◆ **What needs to be done**
Please transcribe exactly the lines from the line holding "De geïntegreerde spoelbak" through the end of the data below, and skip any pictures.

◆ **Data records**
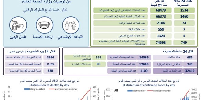 اعلنت وزارة الصحة العامة عن 1534 حالة مثبتة وعن وفاة 7 ليرتفع عدد الوفيات الاجمالي الى 559
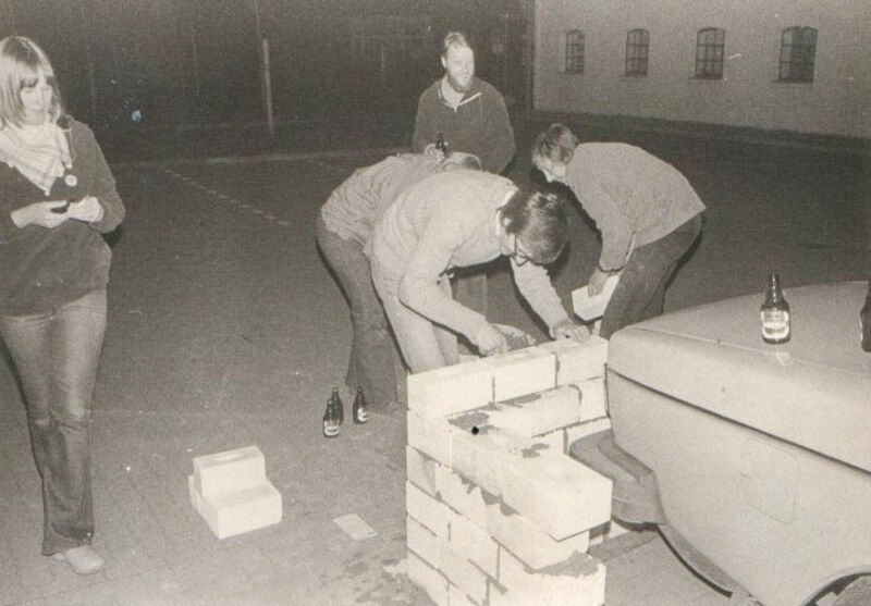 Dazu wurden in einer „Nacht- und Nebelaktion“ ca. 90 Kalksandsteine (2DF und 3DF), eine Bütt mit bereits angerührtem Mörtel, drei Maurerkellen und eine nicht bekannte Anzahl von Bierflaschen auf den Parkplatz der Fachhochschule transportiert, um in Windeseile den Mauerbau durchzuführen.
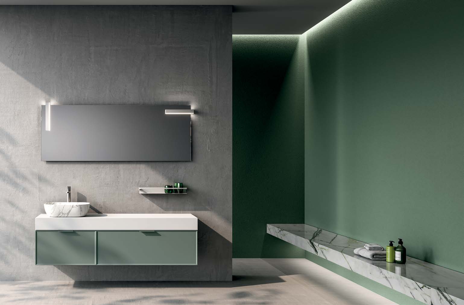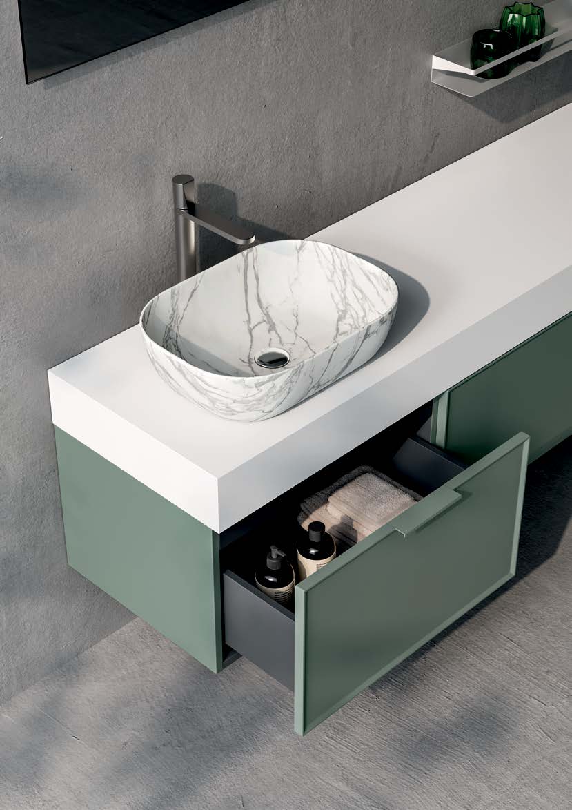 De geïntegreerde spoelbak sluit naadloos aan op het aanrechtblad, terwijl de soft-close lades zorgen voor een stille en soepele sluiting. Een spiegel met optionele ledverlichting completeert het geheel en creëert een lichte en uitnodigende spoelbakomgeving.
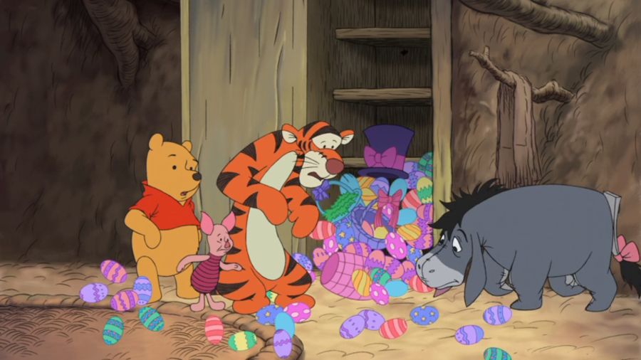 With that said, Pooh does get to have his own song in the film, where he inhales dusts and sneezes violently whilst spring-cleaning Rabbit’s house. Pooh’s violent sneeze causes the box containing Rabbit’s Easter ornaments to be knocked down from a very high shelf.
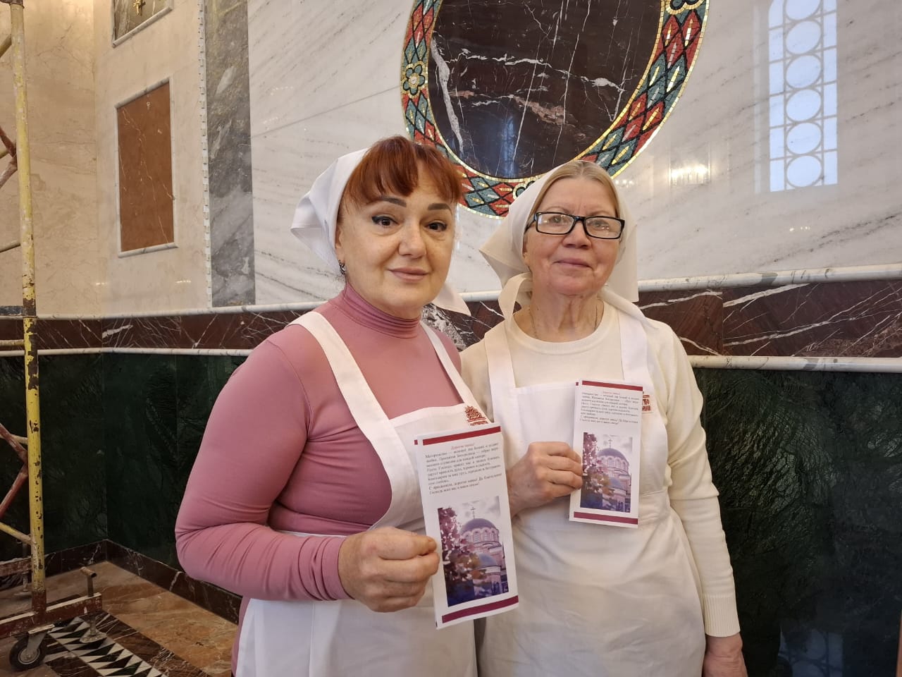 30 ноября после Божественной литургии сестры раздавали праздничные памятки и поздравляли прихожан с праздником.
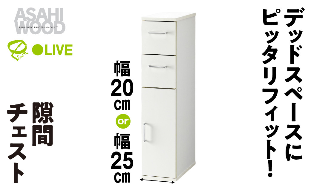 気になる隙間に収納スペースを創出できる便利ストッカー 朝日木材 隙間チェスト 幅が選べる 20cm / 25cm ホワイト≪SLK-9020KC≫≪SLK-9025KC≫隙間収納 ストッカー キッチン収納 積載可能 ホワイト 棚 収納 リビング収納 ピッタリ収納 幅 スリム 家具 白 シンプル 40000円 45000円愛知県 豊橋市

◆ **Result for this task**
 De geïntegreerde spoelbak sluit naadloos aan op het aanrechtblad, terwijl de soft-close lades zorgen voor een stille en soepele sluiting. Een spiegel met optionele ledverlichting completeert het geheel en creëert een lichte en uitnodigende spoelbakomgeving.
 With that said, Pooh does get to have his own song in the film, where he inhales dusts and sneezes violently whilst spring-cleaning Rabbit’s house. Pooh’s violent sneeze causes the box containing Rabbit’s Easter ornaments to be knocked down from a very high shelf.
 30 ноября после Божественной литургии сестры раздавали праздничные памятки и поздравляли прихожан с праздником.
 気になる隙間に収納スペースを創出できる便利ストッカー 朝日木材 隙間チェスト 幅が選べる 20cm / 25cm ホワイト≪SLK-9020KC≫≪SLK-9025KC≫隙間収納 ストッカー キッチン収納 積載可能 ホワイト 棚 収納 リビング収納 ピッタリ収納 幅 スリム 家具 白 シンプル 40000円 45000円愛知県 豊橋市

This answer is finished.